• [EXTRACTED INFORMATION]
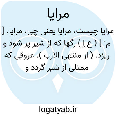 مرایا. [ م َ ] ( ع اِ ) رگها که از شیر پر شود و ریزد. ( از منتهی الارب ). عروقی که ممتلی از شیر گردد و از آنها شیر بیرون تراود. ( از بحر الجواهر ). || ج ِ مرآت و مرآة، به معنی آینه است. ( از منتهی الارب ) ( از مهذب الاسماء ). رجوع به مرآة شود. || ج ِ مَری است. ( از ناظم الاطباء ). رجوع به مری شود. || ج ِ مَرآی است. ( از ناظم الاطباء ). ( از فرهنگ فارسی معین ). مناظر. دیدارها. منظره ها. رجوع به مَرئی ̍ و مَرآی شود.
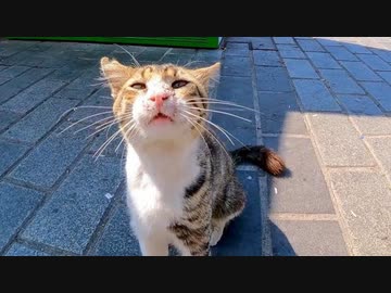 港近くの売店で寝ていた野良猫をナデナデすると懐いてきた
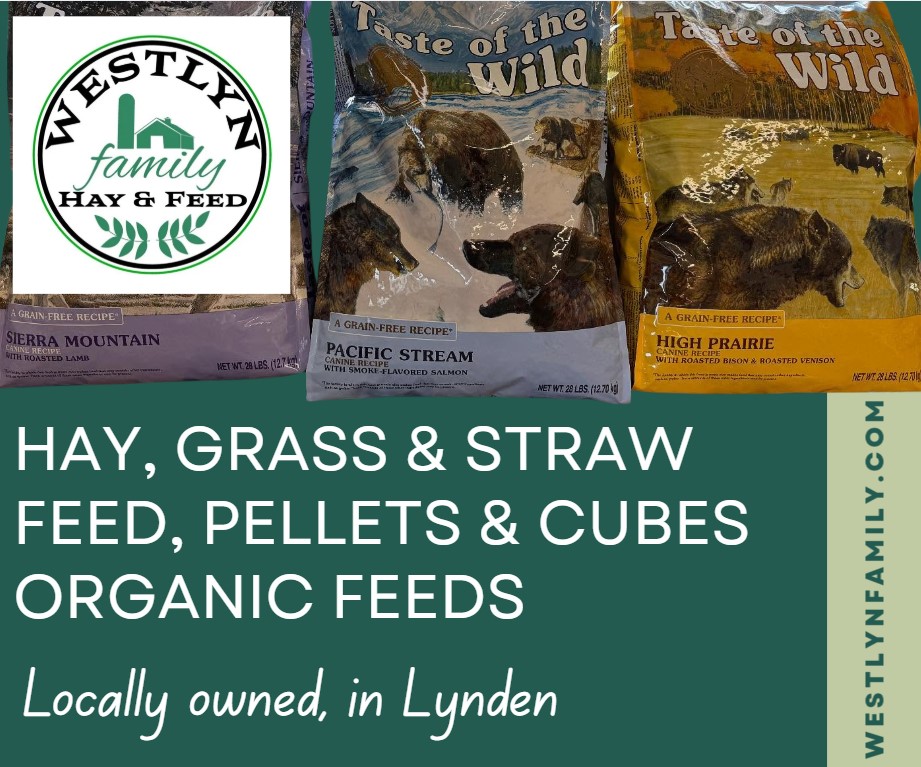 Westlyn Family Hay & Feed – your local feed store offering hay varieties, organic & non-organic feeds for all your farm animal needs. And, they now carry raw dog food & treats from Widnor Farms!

==

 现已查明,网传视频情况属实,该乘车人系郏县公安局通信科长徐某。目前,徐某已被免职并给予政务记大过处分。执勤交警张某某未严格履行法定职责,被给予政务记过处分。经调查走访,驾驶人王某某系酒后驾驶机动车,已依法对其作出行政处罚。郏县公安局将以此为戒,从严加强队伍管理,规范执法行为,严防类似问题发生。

• [WHAT THE TASK ASKS]
Copy nothing but the lines above that run from the one with "港近くの売店で寝ていた野良猫をナデナデすると懐いてきた" to the one with "Westlyn Family Hay", ends included; pictures stay out.

• [EXERCISE RESPONSE]
 港近くの売店で寝ていた野良猫をナデナデすると懐いてきた
 Westlyn Family Hay & Feed – your local feed store offering hay varieties, organic & non-organic feeds for all your farm animal needs. And, they now carry raw dog food & treats from Widnor Farms!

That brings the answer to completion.